Following a routine:

Following a routine would assist us to sleep better because of our sleep cycle. 1 sleep-cycle contains 4 stages of sleep with the last stage being the REM rapid eye movement sleep, which is the easiest to wake up.

Getting up before or after REM sleep would make you very drowsy and not rested. The former happens because you have not completed 1 cycle, the latter because of the halting of a new cycle. Therefore, from this experiment with your waking time, you would know what time you are the most alert and that would be the end of your REM.

And by the way, to get good sleep, you would need at least 1 cycle, which range between 5-6 hours depending on individuals. So, to get quality sleep and to feel energetic for the entire day, you do not need more sleep but waking at the right time (6 hours versus the recommended 8 hours).

Sleeping Environment:

Now, not all of us would enjoy the ‘correct’ sleep cycle. If you suffer from insomnia, chances are, you might have a disrupted cycle. So, we need to ‘persuade’ your sleep-cycle on when is the right time to sleep and wake. To do that we need to lowered our body temperature. Low temperature makes one drowsy while high temperature makes one alert.

Creating an environment would give the body the low temperature (drowsy), sleep experts say that the ideal room temperature is 65 to 70 degrees F. This would give your body the low temperature to fall asleep. To make sleep even more effective, we should encourage the production of a chemical known as melatonin, which induces sleep. A darkened room (darkness) would release melatonin. These two prong approach would slowly conditioned your body to feel drowsy for you to begin your sleep-cycle

Exercise:

To even better your sleep-cycle, you need to exercise, and preferably in the daytime under the sun. Exercising under the sun contributes to raising your body temperature.
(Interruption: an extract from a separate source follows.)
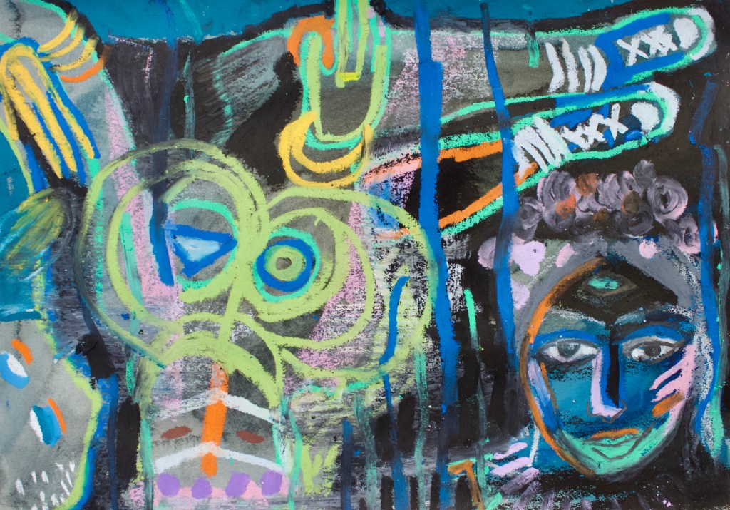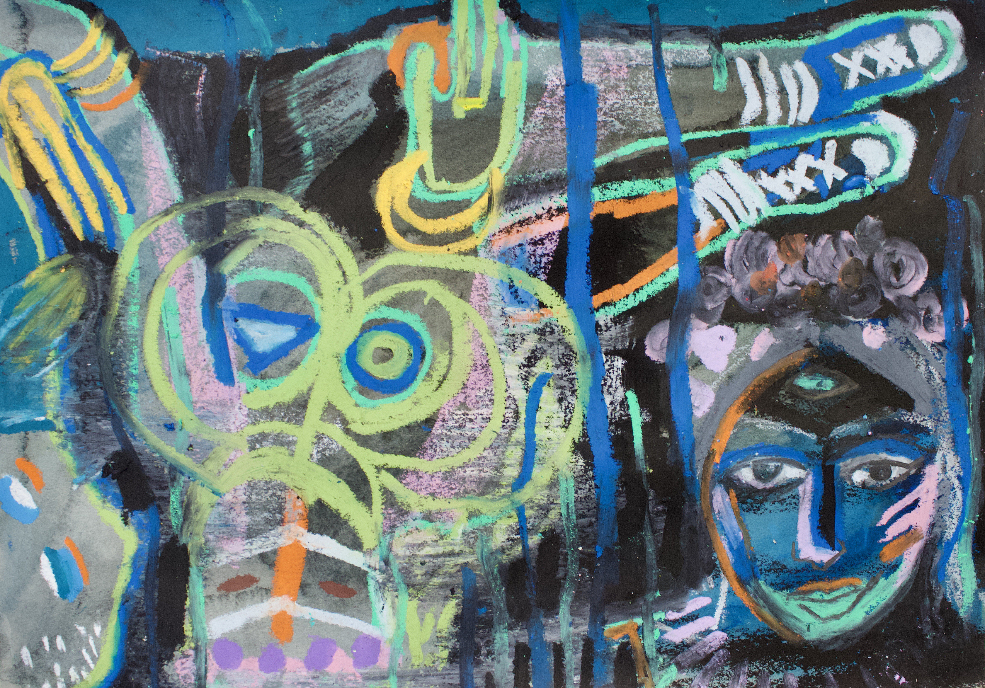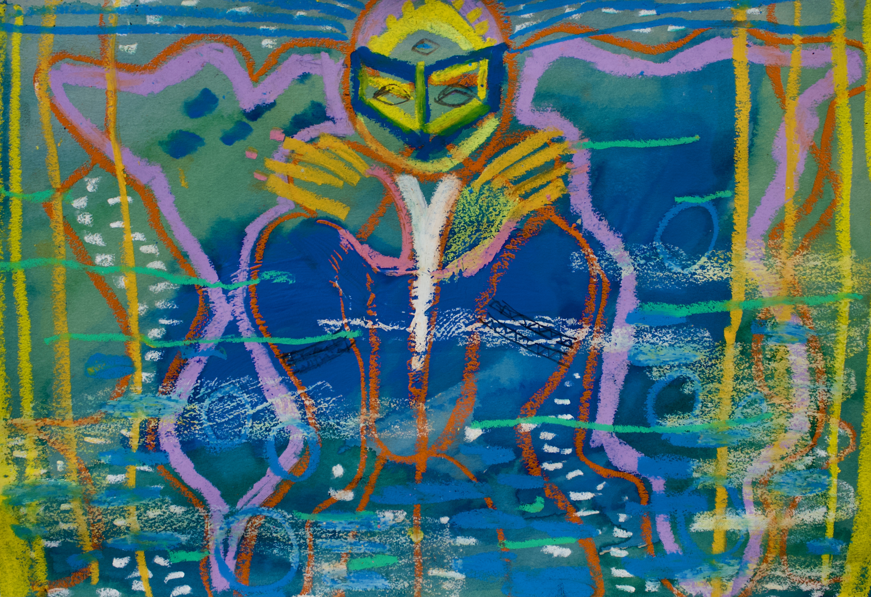 Muse, 22h x 30 w cm, watercolour, pencil and oil pastel on paper, 2022.

As a rule of thumb, if you maintain a high body temperature through the day, as night approaches, your body temperature would drop and you would fall asleep easily (that’s assuming that you want to sleep at night).

Go ahead and learn more about sleep disorder and quality sleep. Without reading this article, would you have known that sleeping more does not mean better rest or feeling more energetic? Therefore, in order to effectively cure your insomnia and get more quality sleep, try to see insomnia as your enemy, something you need to know more in order to defeat it.